= Work to complete =
Using the material below, print the line that contains "Published 07/01/2026 23:10", the line that contains "概念剖析:健康管理是指对健康", and every line in between, exactly and nothing else.

= Records supplied =

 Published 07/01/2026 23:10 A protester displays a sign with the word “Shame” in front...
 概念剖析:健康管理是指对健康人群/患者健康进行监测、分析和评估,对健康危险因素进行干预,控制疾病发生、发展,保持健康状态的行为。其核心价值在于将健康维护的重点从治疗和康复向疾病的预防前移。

--

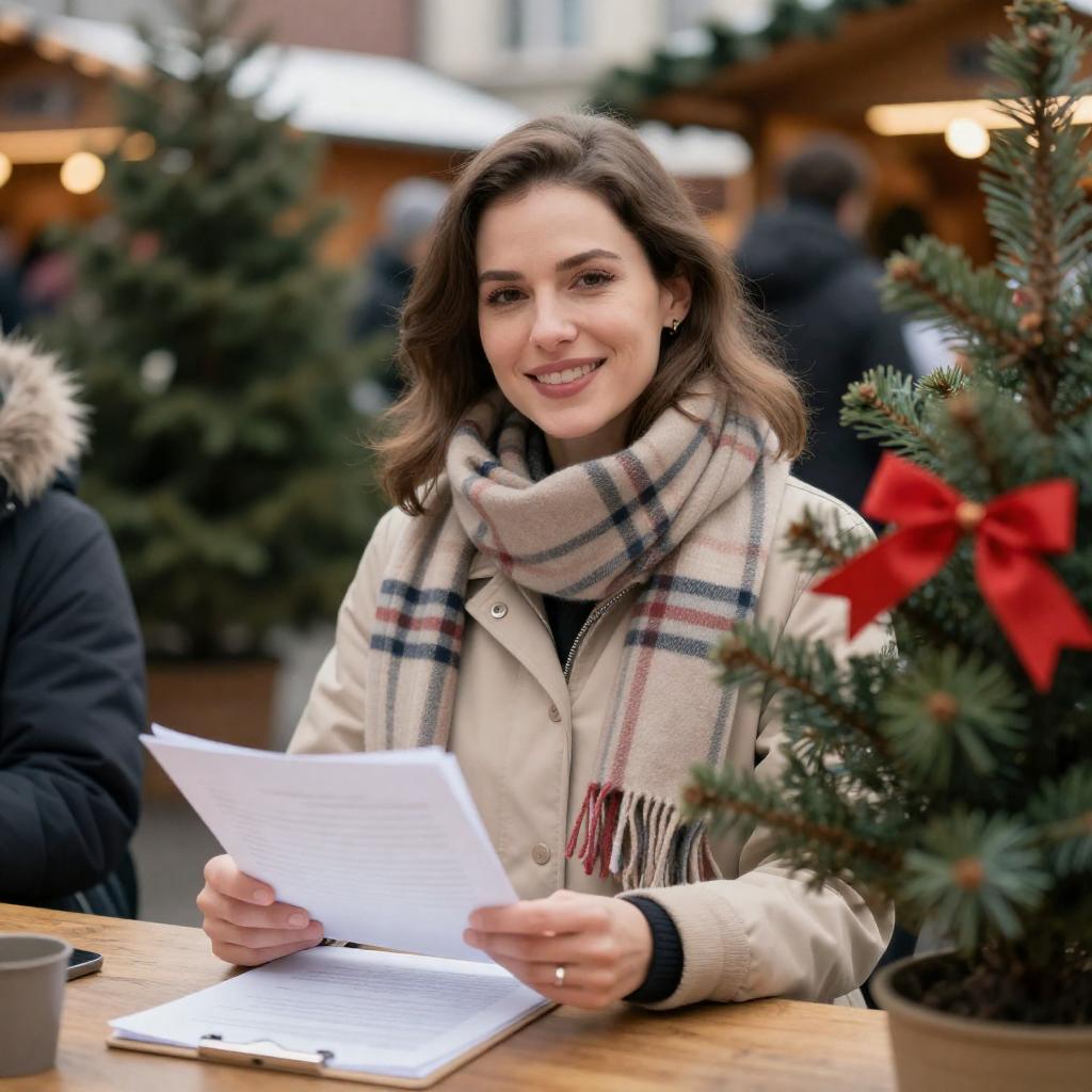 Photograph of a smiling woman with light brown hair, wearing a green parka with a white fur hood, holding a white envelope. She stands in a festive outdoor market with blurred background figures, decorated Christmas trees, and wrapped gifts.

= Answer to the exercise =
 Published 07/01/2026 23:10 A protester displays a sign with the word “Shame” in front...
 概念剖析:健康管理是指对健康人群/患者健康进行监测、分析和评估,对健康危险因素进行干预,控制疾病发生、发展,保持健康状态的行为。其核心价值在于将健康维护的重点从治疗和康复向疾病的预防前移。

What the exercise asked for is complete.